Many ecologically relevant life-history traits of organisms, (such as generation time and ingestion rate) are significantly correlated to body size. Since these individual and species characteristics can affect the interactions between the species in a community, it is possible that the distribution of body sizes (in communities) can affect different properties of foodwebs as well. To explore this possibility, this thesis analyzes the effect of real body size distributions on various aspects of food web organization. To begin with, data on the body sizes of the organisms in a collection of documented food webs was estimated (resulting in data on almost 700 animal consumers in 52 food webs).

Part of this data is used to analyze the "cascade model" assumption of a constant predation probability for every potential predator-prey pair in a number of these web. The original assumption is compared to four heterogeneous alternatives termed predator-dominance (i),prey-dominance (ii), distance-dominance (iii) and size-ratio dominance (iv). In these alternatives the predation probabilities are non-constant and determined either by the identity of the predator (i) or the prey (ii), or by the difference in rank (iii) or size (iv) between thepredator and its prey. In the restricted set of webs for which adequate body size data was available (16 webs) the null-hypothesis (equal predation probabilities) was rejected in favor of any of these alternatives in 7 out of 16 cases (and specifically, in favor of the size-ratio alternative in 4 out of 16 cases) at a significance level of P=0.06.

Furthermore, the relationship between prey size, predator size and the trophic position of consumers have been analyzed and compared with the predictions of the cascade model. It is shown that the relative size difference between a consumer and its average prey tends to decrease with the trophic position of the consumer in these webs. Furthermore, the trophic links do not seem to be distributed randomly between consumers and their potential prey, as assumed by the cascade model. Instead large predators tend to eat prey of larger size than the cascade model predicts.

The implications of these findings, for the stability of Lotka-Volterra food chains, is analyzed. It is suggested that the trophic interaction coefficients of the Lotka-Volterra model should be affected by the relative size difference between a predator and its prey. It is shown that assuming that the prey interaction strength is positively correlated to the predator-prey body mass ratio, (which can motivated by energetical arguments), in combination with decreasing size ratios between consumers and their prey, with trophic position of the consumer, affects the stability properties of a food chain. The probabilities of local stability and resilience are both increased, when compared to chains where the size ratio does not change with trophic position.

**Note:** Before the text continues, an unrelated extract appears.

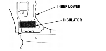 Remove the wheelhouse upper member extension, and cut and pry off the front pillar outer panel, and if necessary replace the front fender bracket. Check the front pillar lower stiffener position, and check for damage. Replace it if necessary. When replacing the front pillar lower stiffener, remove the front pillar separator, and glue the insulator at the separator mounted position. If necessary, replace the front fender bracket.

The effect of the generation time of the primary producer, relative to that of the primary consumer, on food chain length is analyzed. In phytoplankton based systems the turnover rates of the primary producers exceed that of the primary consumers while the opposite is true in many terrestrial (tree based) systems. Furthermore, pelagic food webs appear to have longer food chains on average than terrestrial webs. In particular, phytoplankton chains seem to be longer than for example tree based food chains. We show that one reason for this could be that in model Lotka-Volterra food chains (with linear functional responses), resilience increases with the growth rate of the primary producer.

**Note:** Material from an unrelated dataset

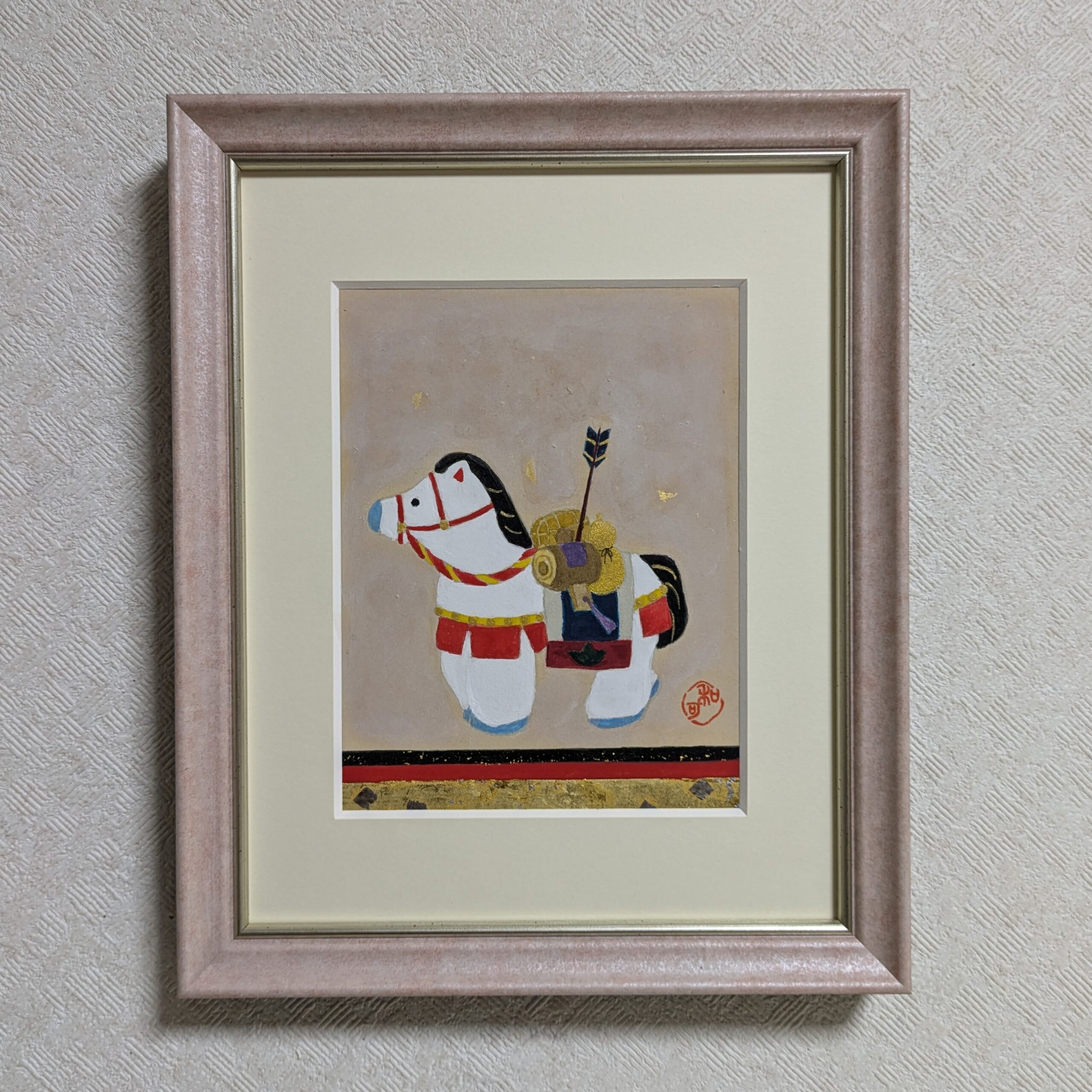 60年に一度の丙午に当たる2026年が、皆様にとって、何事も「馬九行久うまくいく」年でありますように、1年を通して家を守る縁起物~干支飾りを描きました。

Finally, the capacity of Lotka-Volterra food chain models to produce feasible food chains where the abundance pattern is pyramidal ("the pyramid of numbers") is analyzed. It is shown that density-dependent consumer mortality as well as the distribution of body sizes may affect this capability. Without density-dependent consumer mortality it is difficult (and under some assumptions impossible) for a model Lotka-Volterra food chain to be pyramidal for more than one chain length. With density-dependent consumer mortality this is not a problem. Furthermore, if some of the parameters (i.e. the interaction strengths and death rates) are scaled to body size in a realistic way, it may be possible for model food chains of adjacent lengths to be pyramidal to some extent, even without density-dependent consumer mortality.

The main theme of this thesis is that considering realistic distributions of body sizes in communities can give a better description of how trophic links are distributed and an understanding of how dynamical instability or unrealistic patterns of abundance can be avoided in real communities.